[Start of Attachment]

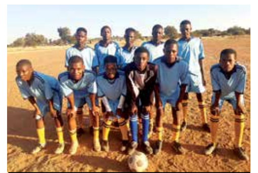
Elandskraal Vultures FC is one of the teams promoted to Hollywoodbets Sekhukhune Regional Football League after excelling in the EPMLM LFA Playoffs.

The Ephraim Mogale Local Municipality (EPMLM) promotional playoffs matches were played on Sunday 22 September 2024 at Mmakgale Village outside Marble Hall. Four football teams, MG Sporting FC, Flog Tigers FC, Bakone Hero Boys FC and Elandskraal Vultures FC, battled it out in a point system tournament fighting for promotion to the Hollywoodbets SAFA Sekhukhune Regional Football League. During the playoffs, Bakone Hero Boys faced Flog Tigers in the first match of the day where Tigers emerged victorious with 2-0 score-line in a tightly contested encounter. The second game saw Elandskraal Vultures taking on MG Sporting. The teams shared spoils with 1-1 draw. In the third match of the day, Hero Boys trembled MG Sporting 6-1 to maintain their top spot in a promotional mini tournament. The final match of the day was played between Flog Tigers and Vultures whereby Vultures managed to win the match with 1-0 score. After two matches each, Bakone Hero Boys and Elandskraal Vultures got promoted to Hollywoodbets Regional League in the district. The playoffs log standing was as follows, Hero Boys was leading with 6 points, followed by Vultures in the second spot with 4 points, MG Sporting was third with one point and Flog Tigers was in the bottom of the log with zero points. Speaking to the publication, EPMLM LFA Chairman, Frans Mashabela,
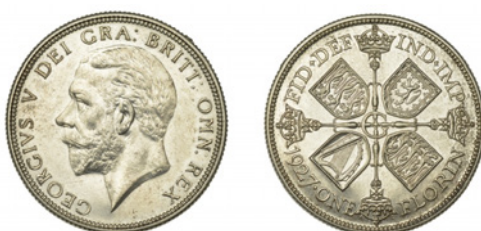
281 Proof Florin, 1927 (ESC 947; S 4038). Some hairlining, otherwise good extremely fine, fields brilliant £120-£150
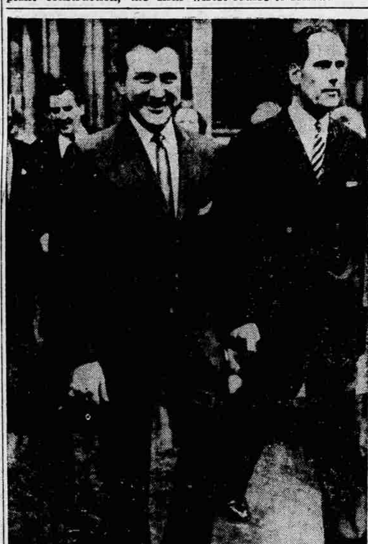
LIBEL SUIT —American pianist Liberace (left, smiling) walks into court in London, where he is suing British columnist "Cassandra" for suggesting that Liberace is a homosexual. "Cassandra" is a columnist for the London Daily Mirror, real name William Neil Connor. Man is right is unidentified.
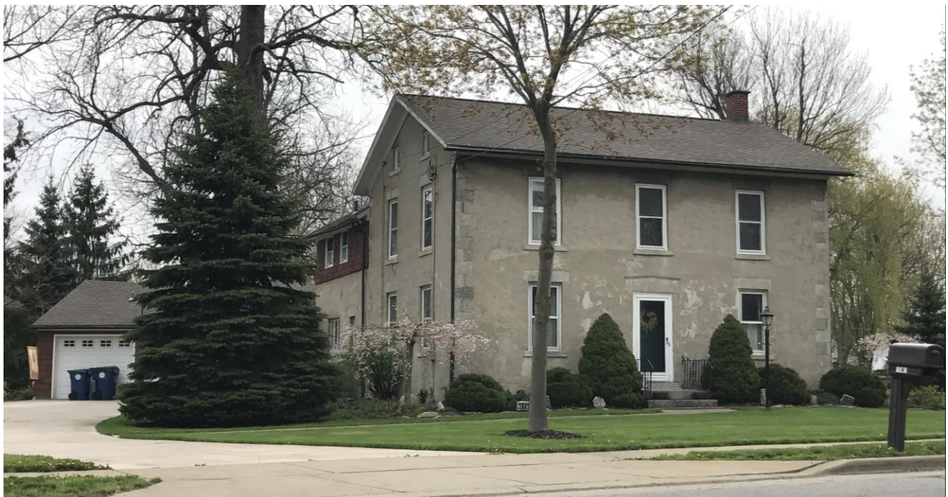
NY_Erie County_Town of Amherst_1841 North Forest Road_North and West Elevations

20. HISTORICAL AND ARCHITECTURAL IMPORTANCE: Remains unchanged.
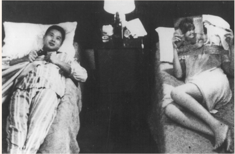
A still from Gulf

signed the both of us at the same time, nurturing us to become actors.
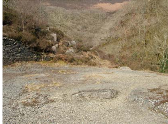
011) Dressing Floor – site of un-located buddle
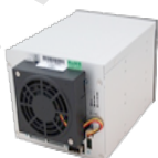
L-NSARK-PI L-NSARK-PI Pre- Installed SATA Box
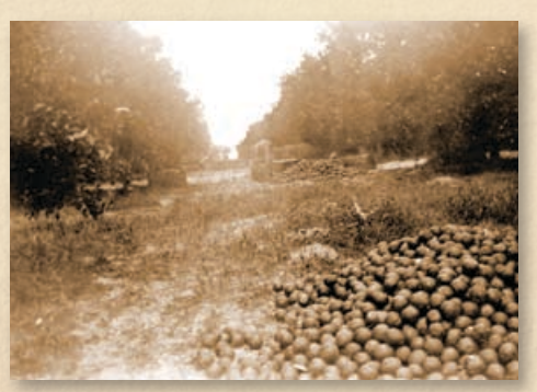
Oranges have been picked and are ready to be boxed and shipped in this 1920s photo of a grove in Volusia County.
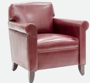
MAX-100 Armchair - Short Back Seat H: 19.0 in; Overall H: 34.0 in Seat W: 21.5 in; Overall W: 33.0 in Seat D: 23.0 in; Overall D: 33.0 in
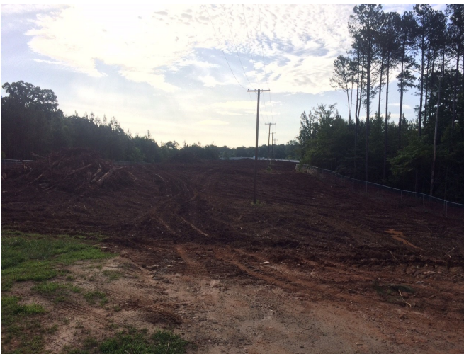
Clearing and Grubbing East
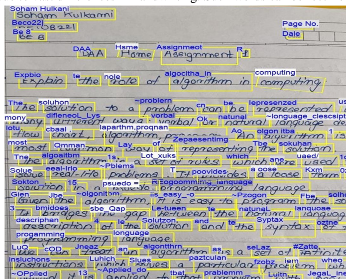
Fig 3. Example of OCR
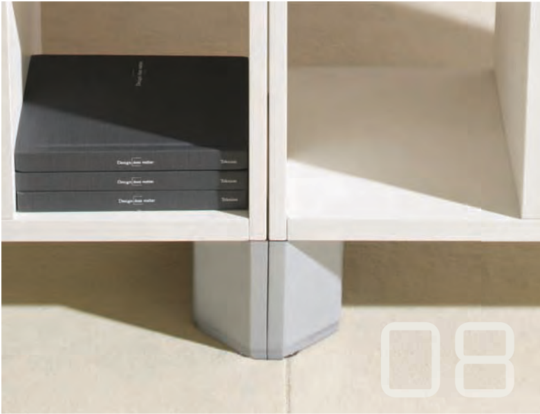
07 desk edge screen with tackboard Desk Edge Screens mount on- or off-module to the back or return edges of a worksurface to provide privacy. They can be used with a tackboard for added functionality. 08 angled foot An angled foot option on storage units enables stand-alone spine applications. The foot offers a 3-inch adjustment range.
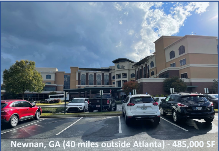
Newnan, GA (40 miles outside Atlanta) - 485,000 SF
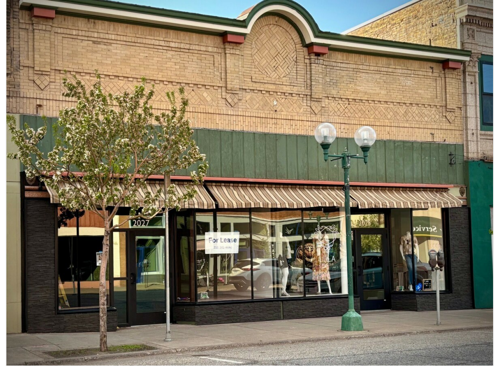
Building Photo 2
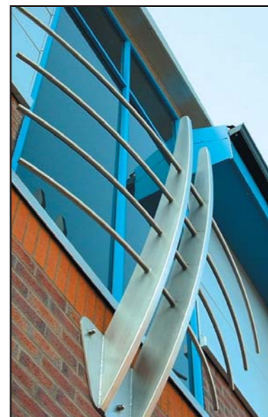
Morrisons - Redcar
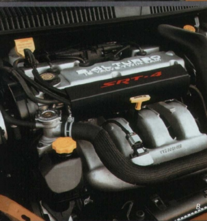
B. Visit your Dodge Dealer for a personal encounter with the 2.4-litre 16-valve 4-cylinder High-Output turbocharged DOHC engine that takes SRT4 from 0-60 mph (0-96 km/h) in 5.3 seconds.**
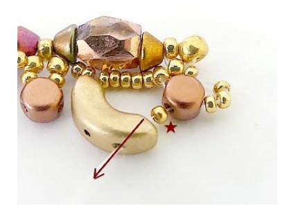
16) Pick up 1 R15, 1 Arcos
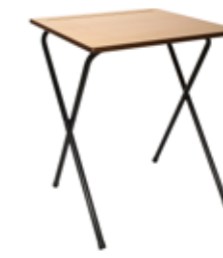
TC66ED-PREM-720 - EXAM DESK MDF

TC66ED-PREM-720 // D600 W600 H720 RRP: £35.00
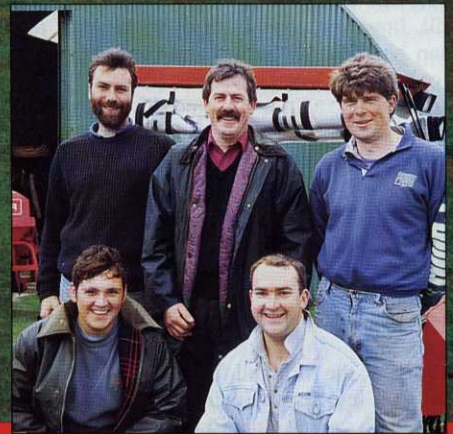
The Dunbar crew
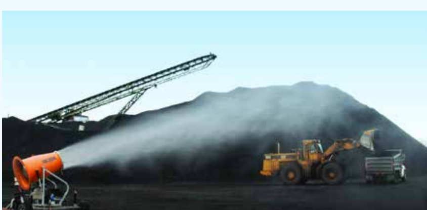
Dust Suppressant on Coal Pile

Collector & Frother: Enhances recovery & reduces froth carryover to downstream
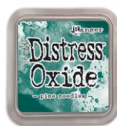
Tim Holtz Distress Oxide Ink Pad PINE...
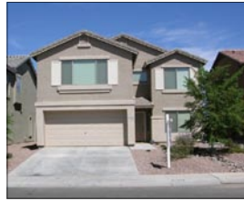
40938 W Hayden Rd. 4 bedrooms, 2.5 bathrooms, 2276 sf home for $129,900! Preforeclosure. Loft, upgraded carpeting, black appliances, formal living and dining. 4031172
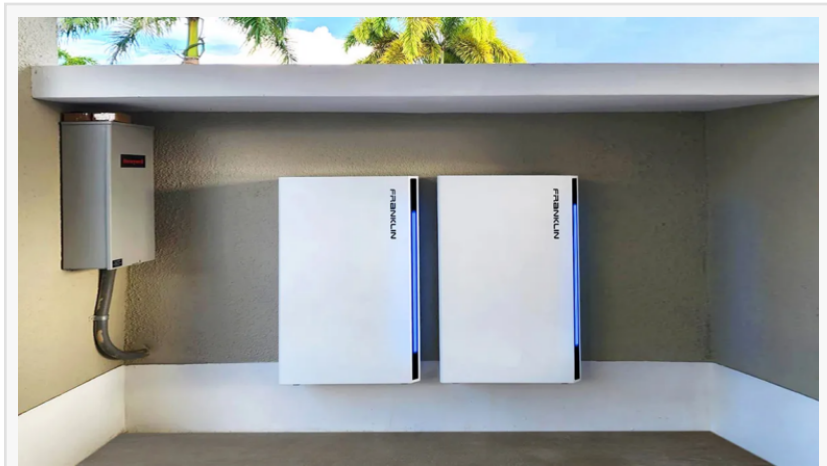
Intelligent Energy Management to Support Household Consumption- FranklinWh Battery

The endorsement of FranklinWH's FHP system by GHS, signifies the company's confidence in the product's reliability, efficiency, and performance. As an established player in the solar game, GHS's stamp of approval adds a layer of assurance for homeowners considering investing in FranklinWH's solution. They can now feel more comfortable and secure in their decision to adopt FranklinWH for their home energy storage needs.
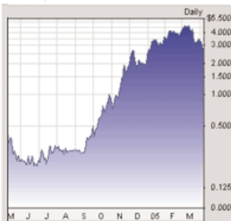
TASKER PRODUCTS CORP as of 4/5/2005

Subsequent financing of $15 million from additional investors led to the acquisition of Pharlo Citrus Technologies, an R&D company with disruptive chemical technologies. In 2005 TKER reached a 52-week high of $4.92 with a $300 million market capitalization. Average volume had peaked to over a million shares a day. The key drivers for the investment were based on the company's intellectual property portfolio, which at the time were pending USDA approval.
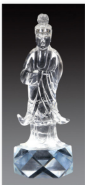
Chinese rock crystal carving of a beauty, 9.3" h
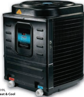
PRO1400AHN, PRO1400ARN Heat & Cool and PRO1500Q

Contact your HornerXpress® Representative to order today
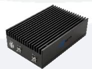
Available 220V System Benchtop Amplifier
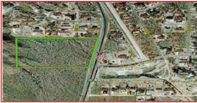
11.73 ACRES — Nicely located overlooking Yucca Valley that is now zoned to allow 1 home per acre. Panoramic views. Telephone on property. Septic Tank. 0 Highway 247, Yucca Valley. Asking $100,000.
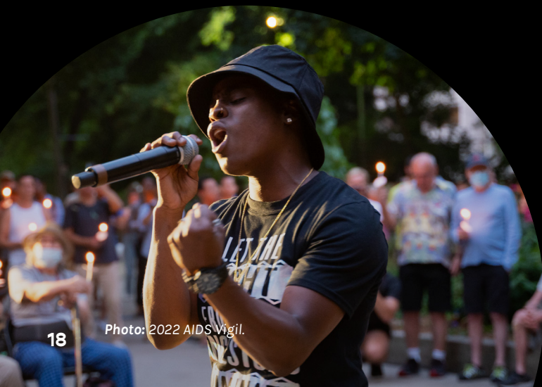
Photo: 2022 AIDS Vigil.

As our communities always have, we join in strength and fury with one another as there is no equity without solidarity.
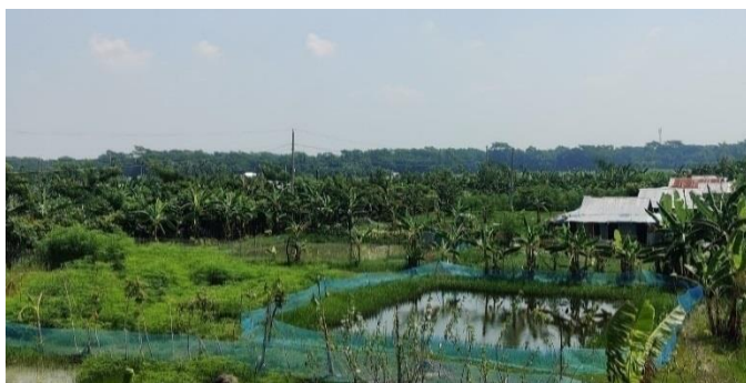
Photo 36: Group relocation site of Dhakin Charduani of Polder 40/2
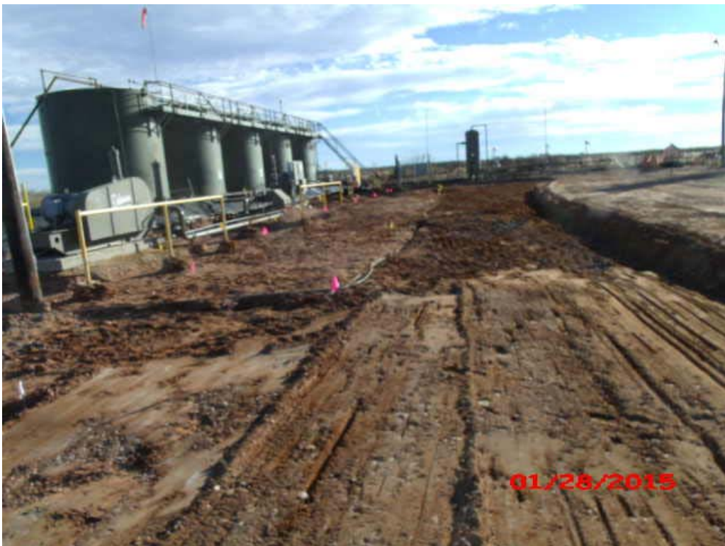
Photograph #6 – Excavated area
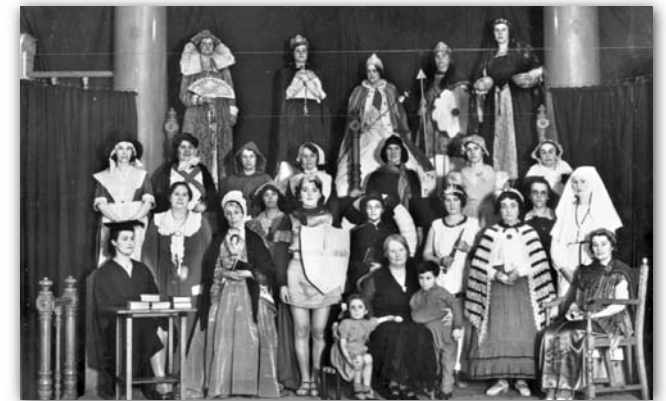
Fancy Dress Pageant at the Congregational Chapel
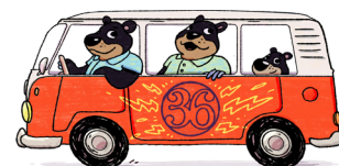
Library Expedition Page 8
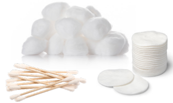
Cotton balls, swabs and pads
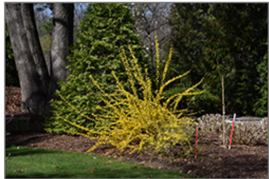
Show Off Forsythia in bloom
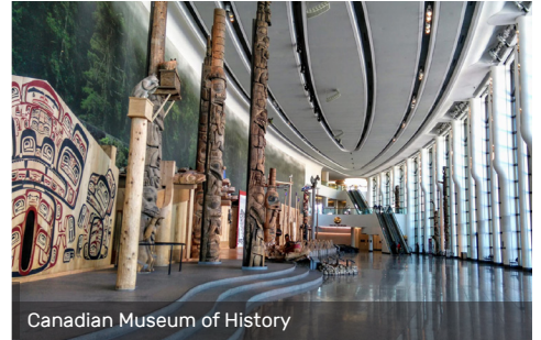
Canadian Museum of History
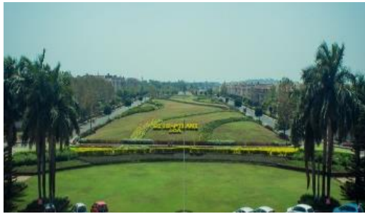
K K Birla Goa Campus
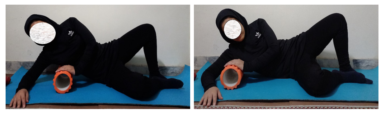
Figure 1. Releasing the latissimus dorsi muscle with a foam roller
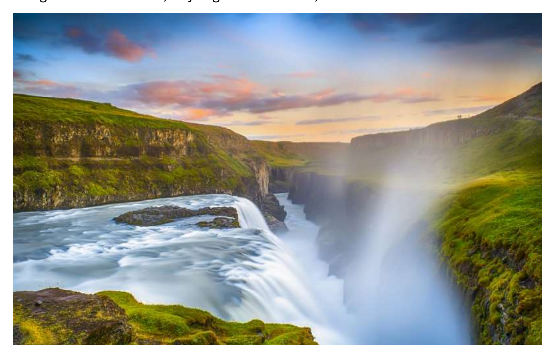
Saturday, August 30

We will take the "Golden Circle Tour", bringing us to some of Iceland's most famous places – the Thingvellir National Park, Geysir geothermal area, and Gullfoss waterfall.
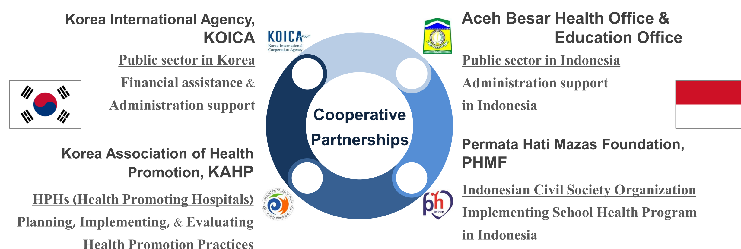
Figure 2. Cooperative Partnerships between HPHs in Korea and Indonesian Civil Society Organization
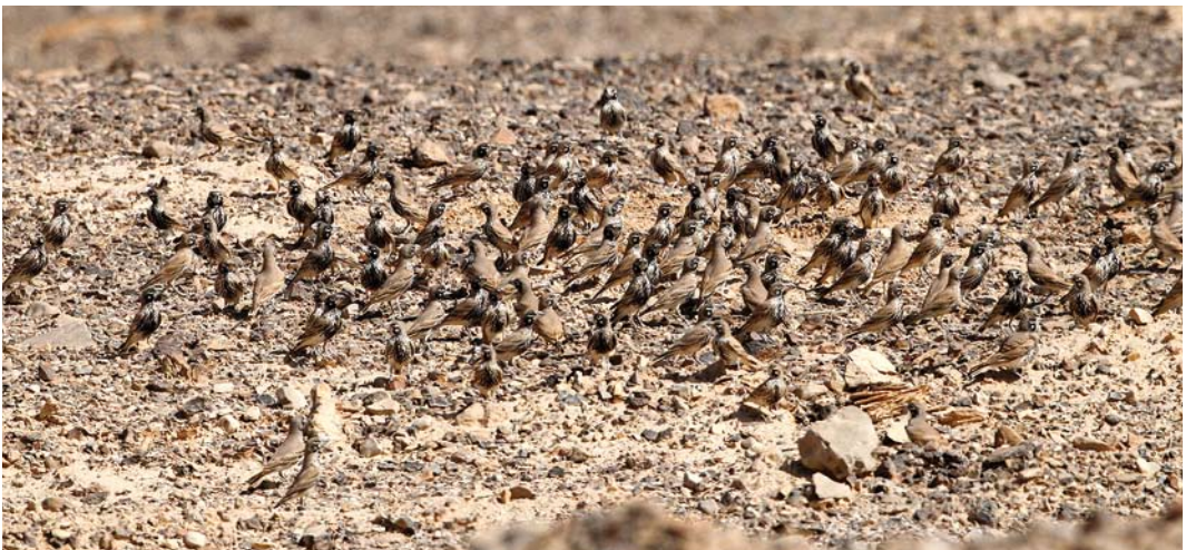
1 Thick-billed Larks / Diksnavelleuweriken Ramphocoris clotbey , Negev, Israel, 5 March 2011. Part of flock of c 300 individuals.

In southern Israel, several nomadic species breed only occasionally and in low numbers. Thick-billed Lark Ramphocoris clotbey , Dunn's
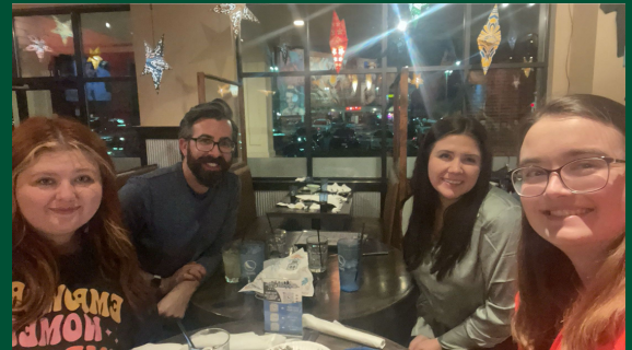
ELSO won 2nd place at Que Onda Tacos Trivia!

Join ELSO for: Educational Support Leadership Opportunities Socialization
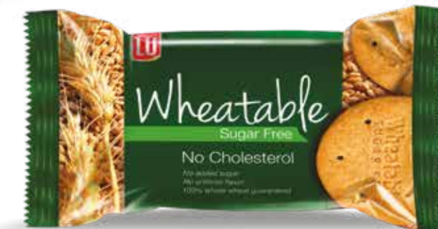
SNACK PACK 6 x 18
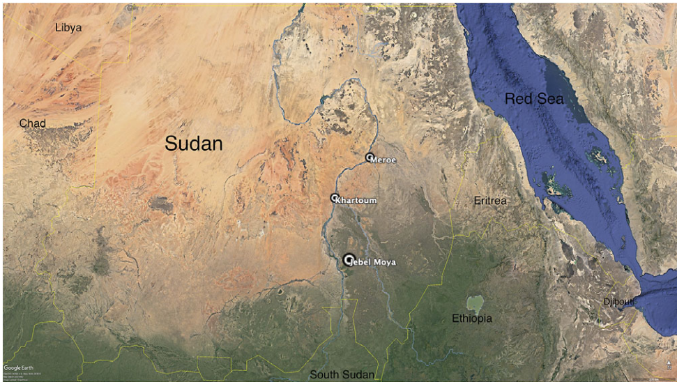
Figure 1. The location of Jebel Moya.

showed the world exactly what that means. Except that the world did not listen. Sure, there was press attention directed towards the 2019 coup, but the many stories and sacrifices of people on the streets barely made a splash in the Global North. 3 The world was warned many times. 4 But nobody listened.

[End of Attachment]

§ **Exercise prompt**:
For every line in the entries above that contains "have", add one to a count, and give that number by itself.

§ **Exercise result**:
2